Дальнейший путь от набережной до гостеприимных дверей «Дона Мануэля» обошелся без эксцессов. В холле Владимир Александрович с некоторой опаской глянул за спину уже знакомой дежурной красавице — слава Богу, в ячейке его ничего, кроме ключа от номера, не ожидало.
— Буэнос ночес! Грациас.
В общем-то, Виноградов и сам был не против, чтобы вечер и ночь прошли без проблем.
* * *— Простите, но кажется, я…
Шагнув за порог, Владимир Александрович даже не успел удивиться — света в номере не было, но уличные фонари за окном вполне позволяли разглядеть расстеленную и на совесть порушенную постель. В изголовье кровати, аппетитно прикрывшись цветастой простынкой, расположилось существо женского пола.
— Закройте дверь! — неожиданно резкий, командный тон девушки абсолютно не соответствовал ситуации. — Проходите.

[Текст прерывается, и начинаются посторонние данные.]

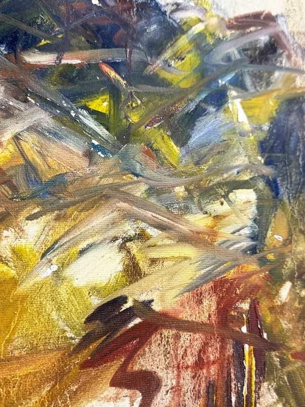 Earthy reds and browns cut through luminous yellows and muted blues, creating a dynamic, shifting composition. Expressive marks and subtle textures reveal the artist’s process, inviting the viewer to explore depth, movement, and rhythm within the surface.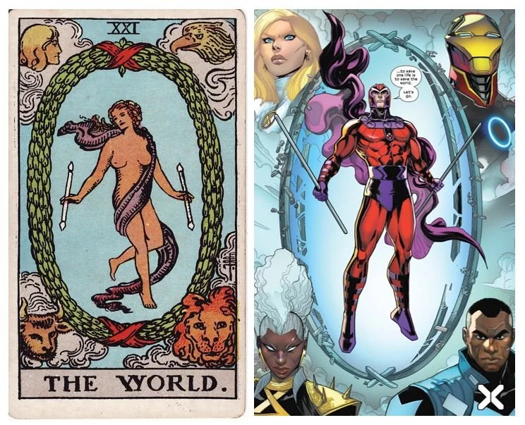 Lastly we have a rendition of The World. In a wreath forged by his own power over metal, Magneto stands triumphant, resurrected. And the usual astral houses are here represented by Iron Man and Emma Frost (at the time fighting their own battles against Orchis as part of the Fall of the House of X) and Storm and The Blue Marvel (who’s science enabled Storm to travel to The Waiting Room).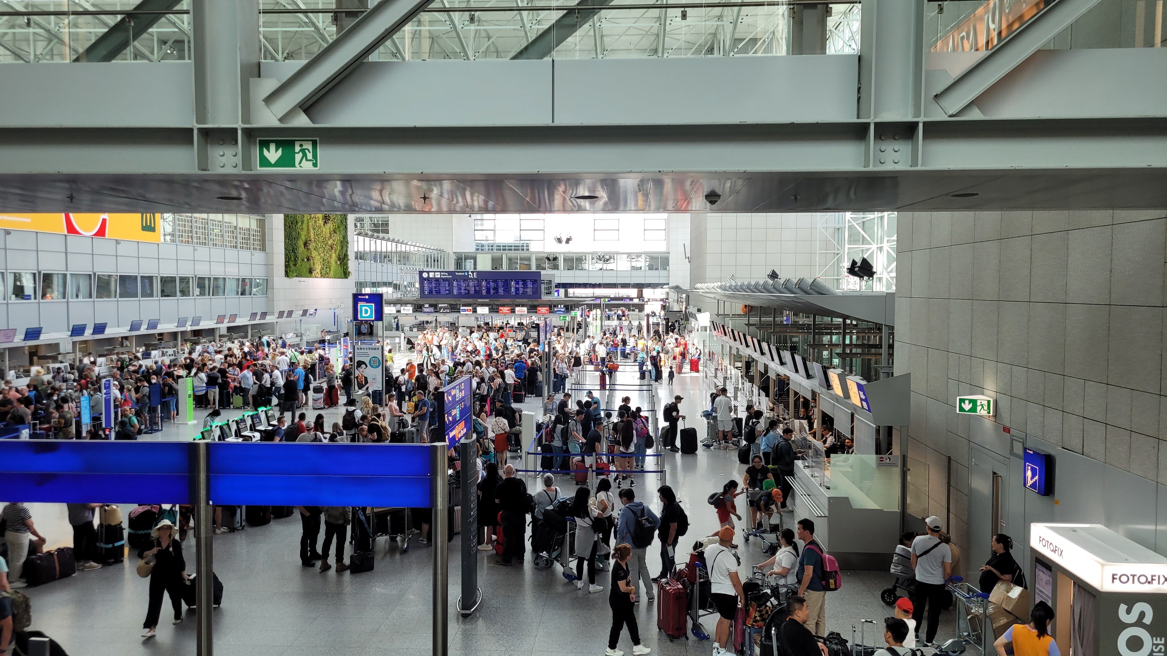 星期六早上,雖然說假期中,機場人也實在太多。歐美旅行爆發潮真不是開玩笑,一路上看來真的是配套沒跟上,安檢、接駁車、航站間的Skyline還只能單向等,感覺問題還真不少。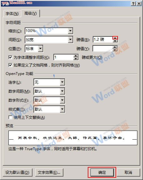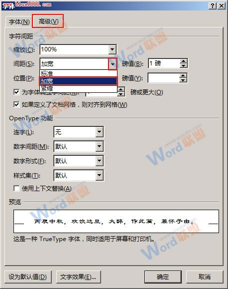 2、一看到這是彈出來的那個【字體】的對話框的時候好多童鞋都明白了該怎么做了,最關鍵的其實是上一部不好找。我們對字體沒什么要求,所以咯我們需要調整的是【高級】選項。對話框里很明顯有【間距】和【磅值】我們可以通過調整【間距】里的選項來調整字間距是【加寬】還是【緊縮】抑或【標準】,如果加寬的寬度不夠我們理想的話,還可以通過【磅值】來調整。這里就用加寬來示范下吧??聪聢D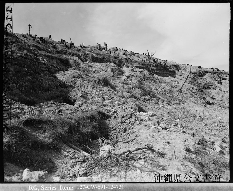 【和訳】 西側のふもとから見た“シュガーローフ・ヒル”。絶え間ない日本軍の手榴弾攻撃と迫撃砲火にさらされながら、海兵隊は丘の斜面を猛攻撃し頂上を攻略しようとした。この丘自体も多くの砲弾を浴び、地表は絶えず崩れた。夜間に壕を掘っていた人が埋まることもよく起きた。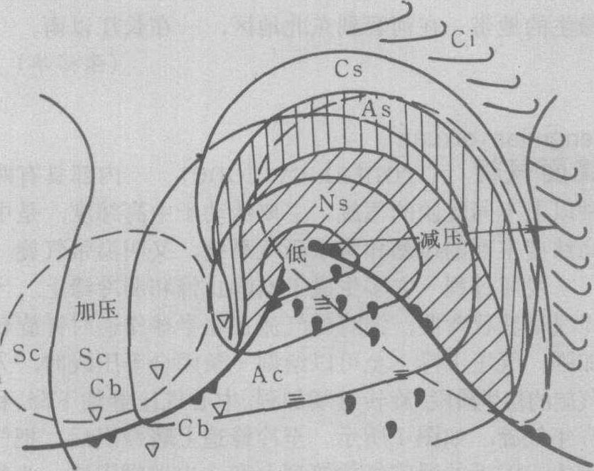 释义 | 锋面气旋fengmian qixuanfrontal cyclone内部具有两种以上不同气团的气旋。主要活动于中高纬度,是中高纬度主要的风暴和降水天气系统,又叫温带气旋。 图1 气旋结构 天气特点 云和降水的分布主要由锋的位置和性质所决定, 比一般锋面的云和降水发展得更旺盛, 并随着气旋的发展情况不同而不同, 随着流场、温度场、湿度场以及地形、地表等具体差异而不同。图2为锋面气旋发展阶段的典型天气模式, 暖锋前有宽广的云和降水带, 沿冷锋前后有较窄的对流天气带, 暖区空气若潮湿而稳定, 则常有雾和毛毛雨之类的天气, 如果不稳定, 则可出现雷暴、飑线、冰雹、龙卷等强对流天气。影响中国的锋面气旋, 以吉林、黑龙江地区出现的次数最多, 常称为东北低压, 其次是长江中下游附近, 常称江淮气旋。黄河流域、华南也可出现锋面气旋, 也是重要的降水天气系统。东北低压多自蒙古或贝加尔湖一带移来, 到中国东北地区多处于气旋发展的旺盛时期, 天气特点是多大风, 常伴有风沙或吹雪, 是降水的重要天气系统。江淮气旋在中国境内多属于气旋的初生阶段, 主要天气是降水, 常出现暴雨, 在其迅猛发展时也出现大风。它们的移动方向主要是向东和东偏北, 少数向东南。 图 2 气旋天气模式 锋面气旋frontal cyclone内部有锋面的气旋。主要活动于中高纬度,更多见于温带,又称“温带气旋”。它是中高纬度主要的风暴和降水天气系统。气旋内部气流辐合上升,锋面上气流上升更为强烈,往往产生云雨,甚至造成暴雨、雷雨、大风天气。发展成熟的锋面气旋的天气模式是:气旋前部是宽广的暖锋云系及相伴随的连续性降水天气;气旋后部是比较狭窄的冷锋云系和阵性降水天气;气旋中部是暖气团天气,如果暖气团中水汽充足而空气又稳定,可出现毛毛雨;如果不稳定,则可出现雷暴、冰雹等强对流天气;如果气团干燥,只能出现一些薄云而无降水。影响中国的锋面气旋,以吉林、黑龙江地区出现的次数最多,常称为“东北气旋”或“东北低压”。其次是长江中下游附近,常称“江淮气旋”。黄河流域、华南地区也可出现锋面气旋,也是重要的降水天气系统。锋面气旋的强度自地面向上逐渐减弱,一般到3~4 km的高度上,大多已变成低压槽。 锋面气旋模式 图中阴影部分为降水区 锋面气旋由锋面上的波动所产生的气旋。多发生于温带极锋之上,故亦称温带气旋。是形成中高纬地区大范围降水、大风等的主要天气系统之一。 |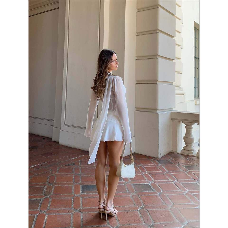 ชุดเสื้อตาข่ายซีทรูและกระโปรงสั้นสำหรับผู้หญิงของ Voikerdr ชุดเดรสผ้าชีฟองแขนยาวระบายอากาศได้ดี เหมาะสำหรับการเดินทาง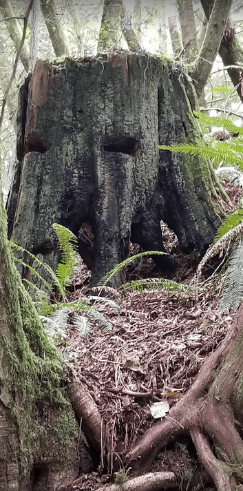 This is a dark and forboding sight that greets the hiker upon entering the Rainier Trail in Port Ludlow. The notches are hacked into the tree to support what are called springboards.
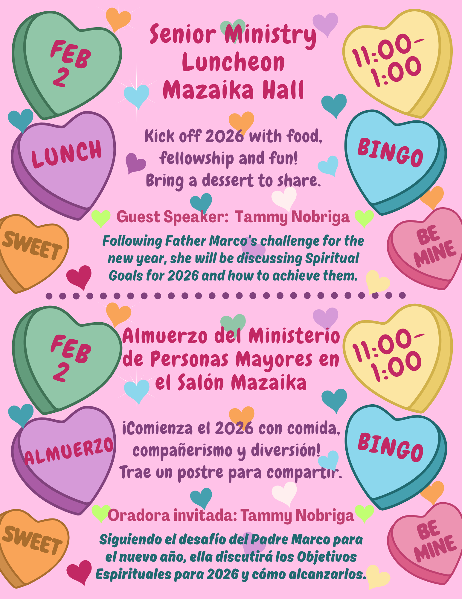 Padres de los estudiantes que recibirán su Primera Comunión esta primavera, por favor tomen nota de que el Retiro de la Primera Eucaristía se llevará a cabo el sábado 7 de febrero, de 9:00am a 3:00pm. Se ofrecerá un desayuno ligero y almuerzo. No olviden traer una botella de agua.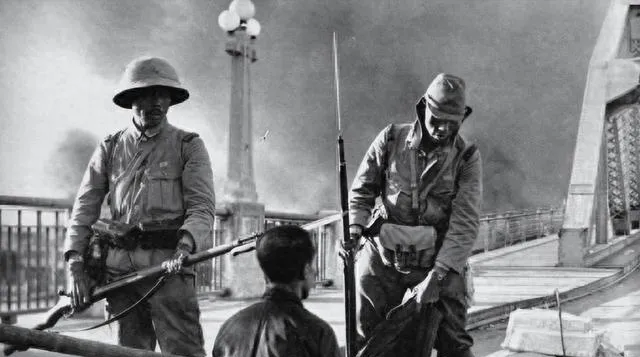 桥面上烟雾压着天,两名士兵端着带刺刀的枪,面前跪着个人影,护栏的灯柱像远处的钉子,照片没声音,可心里知道有风有喊,爷爷说那年过桥得找绕道,现在这桥上都是拍婚纱的。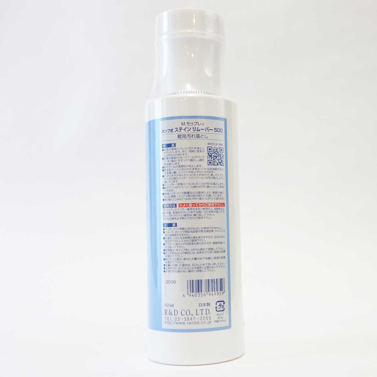 靴クリーナー モゥブレィ ステインリムーバー M.MOWBRAY モウブレイ ポンプ式ステインリムーバー 500ml LLサイズ 大容量 お得(日本製) 靴 シューズ クリーナー 汚れ落とし ワックス除去 ブーツ パンプス くつ お手入れ 革靴 水垢 潮吹きモウブレイ R&D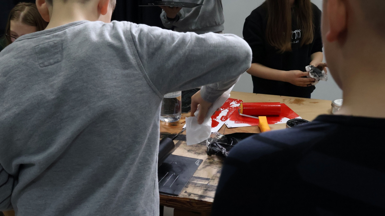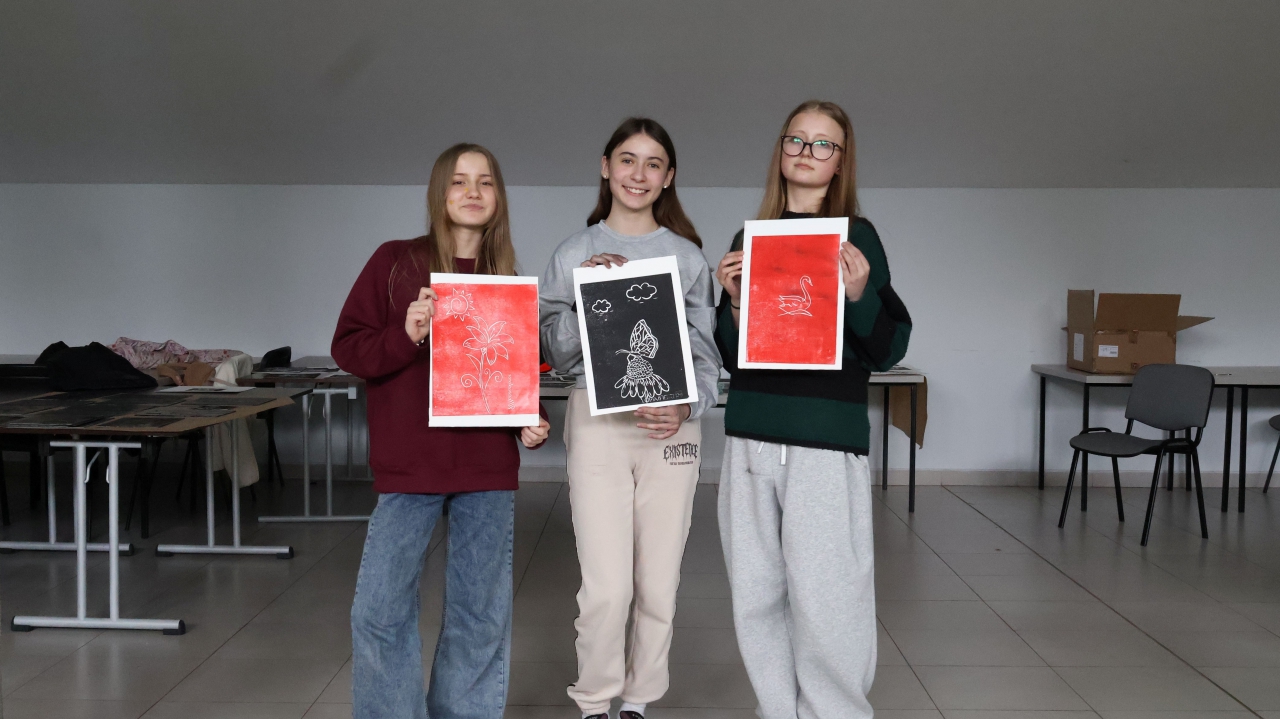Zajęcia poprowadziła instruktor plastyki Agnieszka Kloczkowska. Linoryt to technika polegająca na żłobieniu obrazów w linoleum i wykonywaniu odbitek na specjalnej prasie.

Теперь, привыкнув к интимному полумраку, майор узнал в ней Дэльфин, радиожурналистку из Парижа. Где-то под ложечкой засосало — и в голове помимо воли понеслись соблазнительной чередой эпизоды из эротических фильмов и книг о свободе нравов и темпераменте француженок.
Надо же, сама пришла! Кажется, в подобных случаях положено заказать шампанского и устриц…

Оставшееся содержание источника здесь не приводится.